Monday, May 28, 2012

Movie Review: "Dark Shadows"

Remaking TV shows, old or current, is a game not even the best gamblers would play.  Indeed, it's probably better to bet $10 million on 00 on the damn roulette tables in Vegas blind-folded on ten straight shots of Patron before thinking of dropping that kind of money (if not more) on a big-screen TV adaptation.

For every "Mission Impossible", you get one "Bewitched".  For every "The A-Team", you get "The Honeymooners".  For every "Sex in the City", you get...well, "Sex in the City 2".

With that said, any box office analyst who tries to tell me remaking cult classic vampire soap opera "Dark Shadows" wasn't a horrible risk, that analyst will be cordially invited to kiss my ass.  Even with Depp/Burton branding and a hot new writer, not to mention a stellar cast, you still may have better odds playing craps with one dice.  Luckily, the gamble is a winner this time around.

"Dark Shadows" has all the greatness of the original, and, because the producers aren't idiots, the same storyline as well ("Bewitched" producers, writers, and such, we're talking to you....assholes).  Barnabas Collins (Johnny Depp), the sole heir to the Collins family fortune and canning business in Collinsport (the town his father founded in New England), to make a long story short, spurns the advances of the wrong witch -- namely Angelique Bouchard (Eva Green), the Collins family housekeeper.  When Barnabas takes the hand of another woman, Angelique dispatches Barnabas's would-be wife, and turns Barnabas himself into a vampire.  Once the townsfolk turns on him (at the hands of Angelique), they lock him in a coffin and bury him alive (or dead...living dead...whatever).

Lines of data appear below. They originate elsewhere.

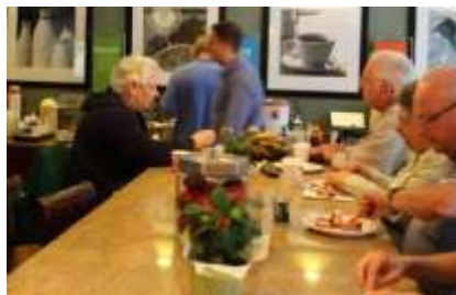
Lunchtime between QVC and Wyeth's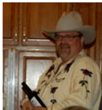
A cowboy & wine! Must be saving the whiskey for his horses!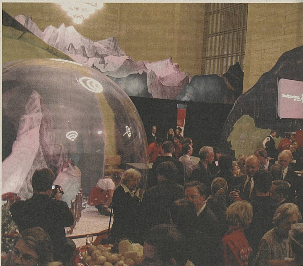
The miniature Switzerland was impossible to miss. Commuters could feel it, smell it, hear it – and buy it.

The media response was overwhelming. From the "New York Times" to the "Wall Street Journal", Switzerland was omnipresent, while the electronic media reported in depth from Central Station. A correspondingly large number of New Yorkers went to see the spectacle for themselves. The event can be adjudged a great success.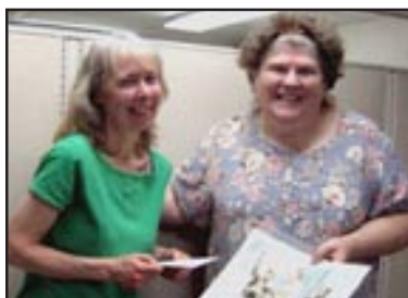
Thanks for a job well done!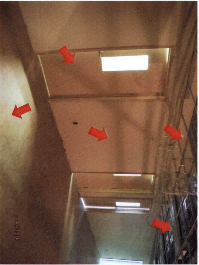
Floor tile, doors, ceiling track, light fixtures installed, partial painting.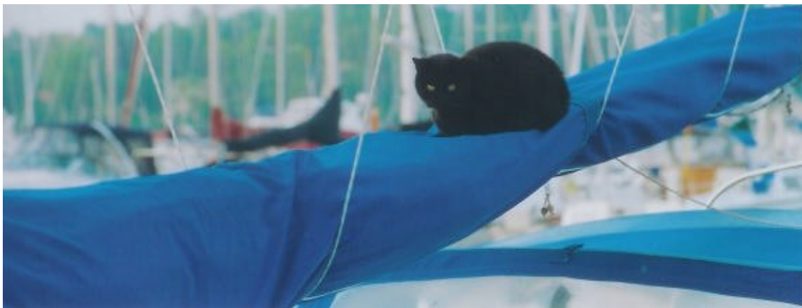
Spider enjoying her favorite perch aboard her new Nonsuch 30 Cat Boat—aptly named Purrfection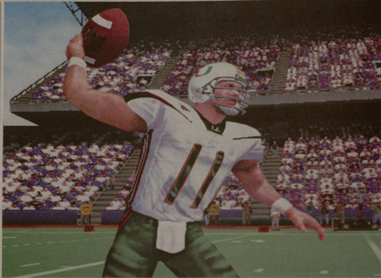
Can the 'Canes repeat? Can the Sooners make it two out of the last three? Who will win the Heisman? How many polygons does a Butkus Award winner get? Where is Berkeley? The answers to these (No. No. Look to Texas. Thousands. Take I-80 west and follow the signs.) and other pressing questions can be found in this year's College Football Top 25 poll: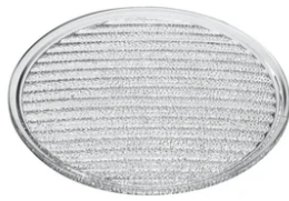
Elliptical lens 08.8163.68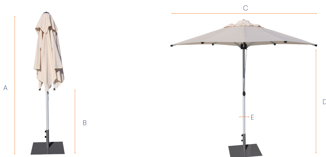
Diagram Legend (sizes are in mm)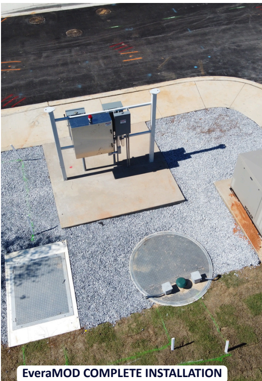
EveraMOD COMPLETE INSTALLATION

EveraMOD™ from INFRASTRUCTURE DYNAMICS is the pre-engineered, factory-direct pump station solution built for commercial projects. Whether you're serving a strip mall, business park, or residential subdivision, we simplify procurement and speed up delivery — without sacrificing customization.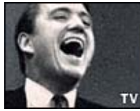
Merv Griffin: Chatting Superstar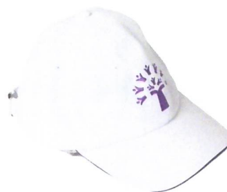
CAP - White-PIS - Two Sizes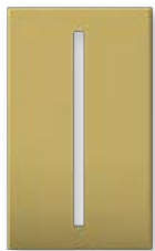
BB Bright Brass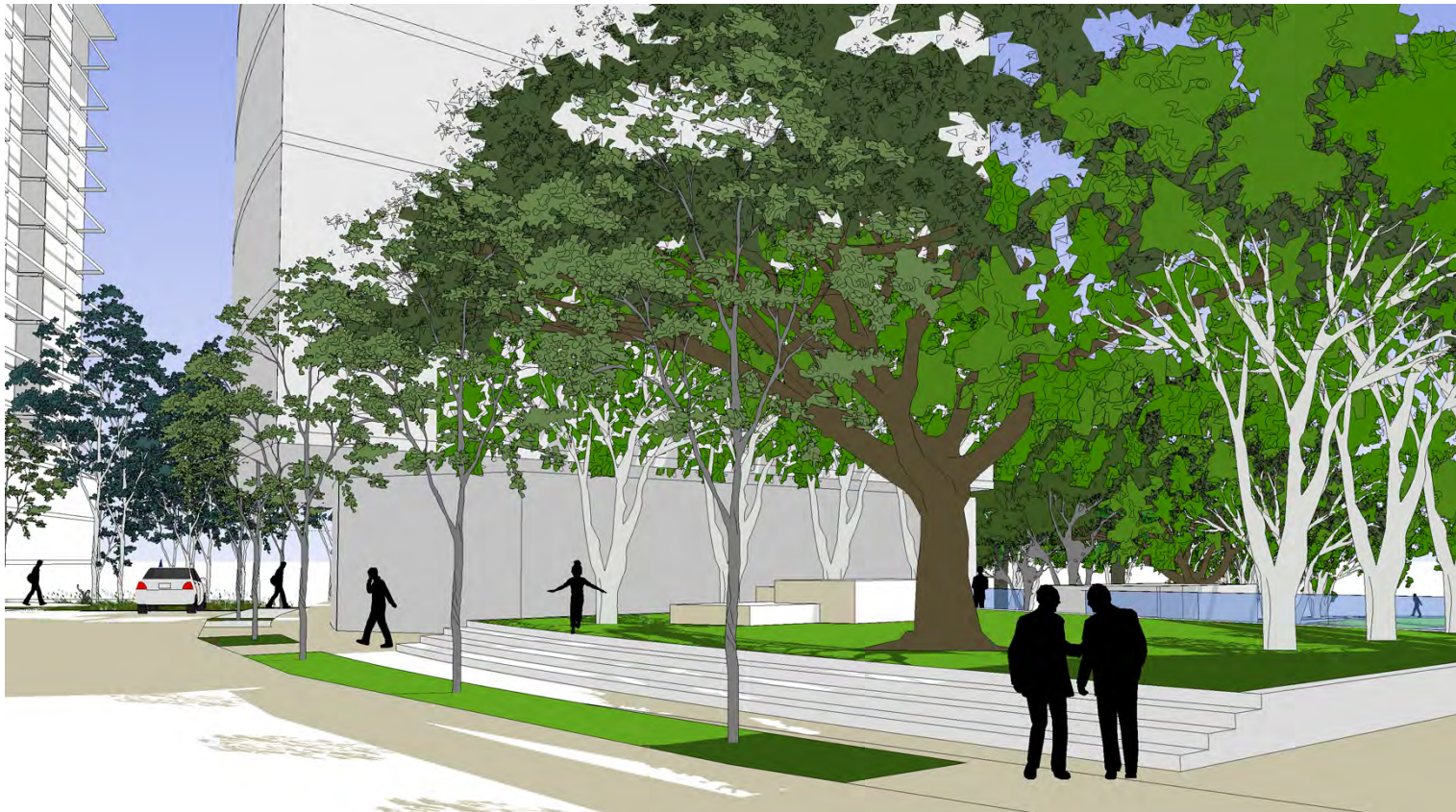
Station Plaza view 2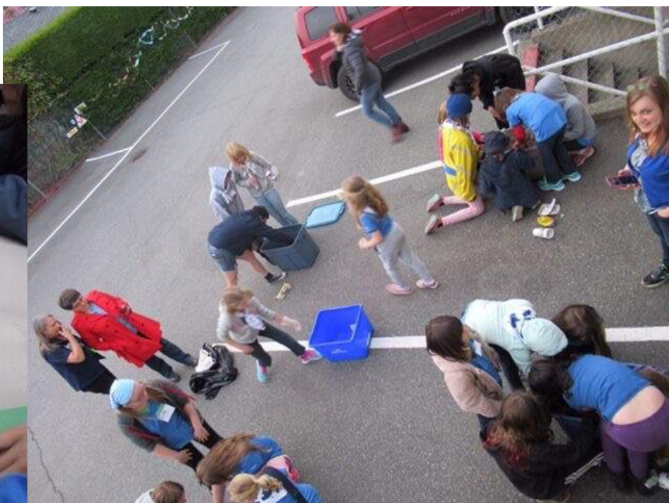
Left: Making the poster.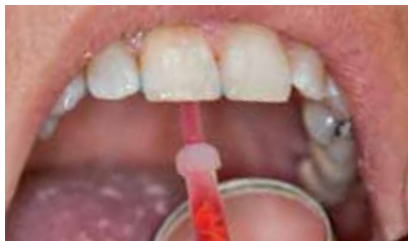
Insertion of the whitening gel into the cavity with the enclosed fine cannula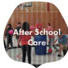
After School Care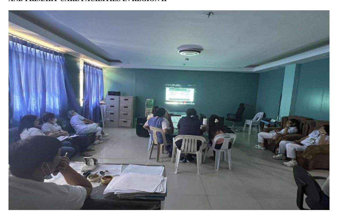
On July 28, 2023, at exactly 1:30 PM, the online orientation on navigating the application and answering each module for the health facility profiling system was attended by representatives from various concerned sections/committees of the hospital conducted at the Cauayan District Hospital in the Administrative Office.

***THE DEPARTMENT OF HEALTH – CAGAYAN VALLEY CENTER FOR HEALTH DEVELOPMENT CONDUCTED ONLINE ORIENTATION ON THE IMPLEMENTATION OF THE 2023 HEALTH FACILITY PROFILING SYSTEM IN ALL GOVERNMENT AND PRIVATE HOSPITALS, INFIRMARIES, AND PRIMARY CARE FACILITIES IN REGION II

Fast-forward about 200 years later, Barnabas escapes his confines and discovers two shocking things:  (1) The year is 1972, and his beloved Collinsport, and family business, is in shambles, and (2) his beloved Collinwood is now inhabited by his apparent relatives -- Elizabeth (Michelle Pfeiffer), Roger (Johnny Lee Miller), Carolyn (Chloe Grace Moritz), and David (Gulliver McGrath), as well as groundskeeper Willie Loomis (Jackie Earl Haley) and family therapist Dr. Julia Hoffman (Helena Bonham Carter).  Finding his family estate and business in shambles, Barnabas vows to take the reigns once more and make people proud of the Collins name once more.  However, he is faced with three huge distractions:  (1) an ever-growing infatuation with the new family nanny Victoria Winters (Bella Heathcote), (2) Angelique, now a successful businesswoman who's been stealing business from the Collins family business, knows of Barnabas's return, and wants revenge...or his affections, and (3) his unquenchable thirst for blood.

Director Tim Burton brings the cult classic to life much in the style of "Sleepy Hollow" and "Sweeney Todd" with conservative light and clever use of (wait for it...) darkness and shadows.  The true gem of the film is the amazing script written by Seth Grahame-Smith (author of "Pride and Prejudice and Zombies", as well as the author and subsequent screenwriter of "Abraham Lincoln: Vampire Hunter", due out this June).  It's obvious Grahame-Smith is a fan of the original series, and proves it with his dark, twisted, often self-referential screenplay that makes even the most hardened fans rejoice.

Though ill-conceived timing is ruining the film's box office revenue (going against "The Avengers" being the biggest factor), "Dark Shadows" offers many laughs, thrills, and chills of a typical Burton film.  Granted, I never watched the classic show, but, luckily for me, many of my friends (and my girlfriend) are, so I had a lot to base it on.  There hasn't been a Tim Burton sequel since "Batman Returns", but this is one that clearly deserves it.

FINAL VERDICT:  Stellar performances and a script and art direction true to the original source material, "Dark Shadows" is a vampire film that doesn't suck.  Without the typical glam and glitz of a typical movie of its caliber (not to mention without glittery vampires), "Dark Shadows" gets down to the bloody business without draining your bloody patience.